ESTABLISHMENT OF STOCK OPTION COMPENSATION COMMITTEE
RESOLVED, that in accordance with Article III, Section 10 of the By-Laws of the Company, a Stock
Option Compensation Committee of the Board of Directors consisting of two or more members, be and it
is hereby established; that the Stock Option Compensation Committee shall consist of two or more
members of the Board who are ‘‘outside directors’’ within the meaning of Section 162(m) of the Internal
Revenue Code of 1986, as amended; that no member of the Stock Option Compensation Committee
during the one year prior to serving as a member of such committee, or while serving as a member of
such committee, shall have been, or shall be, granted or awarded shares of capital stock of the
Company, or stock options to purchase shares of capital stock of the Company, or stock appreciation
rights pursuant to any plan of the Company or any of its affiliates, except for a grant or award which
would not result in such member ceasing to be a ‘‘disinterested person’’ within the meaning of
Rule 16b-3 under the Securities Exchange Act of 1934, as amended (the ‘‘Exchange Act’’);
FURTHER RESOLVED, that Messrs.

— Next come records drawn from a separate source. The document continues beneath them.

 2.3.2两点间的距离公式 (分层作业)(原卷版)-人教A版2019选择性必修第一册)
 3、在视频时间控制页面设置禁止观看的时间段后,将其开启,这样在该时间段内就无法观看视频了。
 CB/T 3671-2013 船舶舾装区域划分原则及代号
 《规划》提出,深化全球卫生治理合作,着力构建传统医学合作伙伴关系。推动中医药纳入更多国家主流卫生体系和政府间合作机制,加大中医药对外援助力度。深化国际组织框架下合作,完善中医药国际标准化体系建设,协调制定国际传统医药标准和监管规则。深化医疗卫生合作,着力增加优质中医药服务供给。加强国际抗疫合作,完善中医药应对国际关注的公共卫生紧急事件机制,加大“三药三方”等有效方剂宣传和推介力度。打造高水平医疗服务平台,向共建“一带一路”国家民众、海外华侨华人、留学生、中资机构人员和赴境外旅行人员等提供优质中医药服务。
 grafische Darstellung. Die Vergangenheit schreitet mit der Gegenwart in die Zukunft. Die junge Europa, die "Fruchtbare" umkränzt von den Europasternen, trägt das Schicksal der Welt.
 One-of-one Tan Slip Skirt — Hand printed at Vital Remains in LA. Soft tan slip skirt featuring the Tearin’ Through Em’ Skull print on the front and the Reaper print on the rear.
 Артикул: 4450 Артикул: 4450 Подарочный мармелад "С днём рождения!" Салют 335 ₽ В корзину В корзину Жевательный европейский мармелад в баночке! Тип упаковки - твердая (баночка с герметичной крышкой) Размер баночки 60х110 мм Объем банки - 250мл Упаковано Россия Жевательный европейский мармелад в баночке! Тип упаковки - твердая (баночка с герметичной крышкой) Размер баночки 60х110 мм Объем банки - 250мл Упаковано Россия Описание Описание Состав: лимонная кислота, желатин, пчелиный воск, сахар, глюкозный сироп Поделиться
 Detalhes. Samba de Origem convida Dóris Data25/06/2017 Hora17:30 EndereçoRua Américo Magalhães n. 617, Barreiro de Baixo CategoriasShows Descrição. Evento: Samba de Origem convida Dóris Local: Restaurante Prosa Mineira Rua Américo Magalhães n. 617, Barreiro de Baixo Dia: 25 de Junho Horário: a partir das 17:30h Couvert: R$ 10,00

J. Samuel Crowley, Ronald E. Daly and Paul-Henri Denuit shall
serve as the members of such Stock Option Compensation Committee; that Paul-Henri Denuit is hereby
appointed to serve as the Chairperson of such Stock Option Compensation Committee; and that such
members and such Chairperson shall serve and that such committee shall exist at the pleasure of the
Board of Directors of the Company;
FURTHER RESOLVED, that the Stock Option Compensation Committee shall:
(i) consider, review and approve the long-term compensation of officers and key employees of the
Company, involving the grant of stock options, stock appreciation rights and other long-term
compensation or compensation based on performance under the Company’s stock option or
other long-term compensation or incentive plans; provided, that such committee may delegate
such power and authority to the Chairman of the Company or any executive officer of the
Company or as otherwise permitted by the applicable plan, except that the Stock Option
Compensation Committee may not delegate its power and authority with respect to the
long-term compensation of executive officers of the Company who are subject to the
requirements of Section 16 of the Exchange Act or as otherwise provided in the applicable plan;
(ii) consider, approve and recommend to the Board of Directors of the Company any new stock
option or other long-term compensation or incentive plans and the amendment or termination of
the Company’s existing stock option or other long-term compensation or incentive plans; and
(iii) perform such other duties as the Board of Directors shall from time to time assign to it;
FURTHER RESOLVED, that the Stock Option Compensation Committee shall have the authority of
the Board with respect to the Company’s stock option or other long-term compensation or incentive
plans, unless such plan or resolutions of this Board expressly reserve authority for the administration of
any such plan to the Board of Directors; provided that the Stock Option Compensation Committee shall
not have the authority to adopt, amend or terminate any of such plans without the consent or ratification
of the Board; and
FURTHER RESOLVED, that the Stock Option Compensation Committee shall have the full authority
of the Board under section 10 of Article III of the Bylaws of the Company and to the extent otherwise
permitted by law with respect to all actions which the Stock Option Compensation Committee takes
consistent with the foregoing resolutions.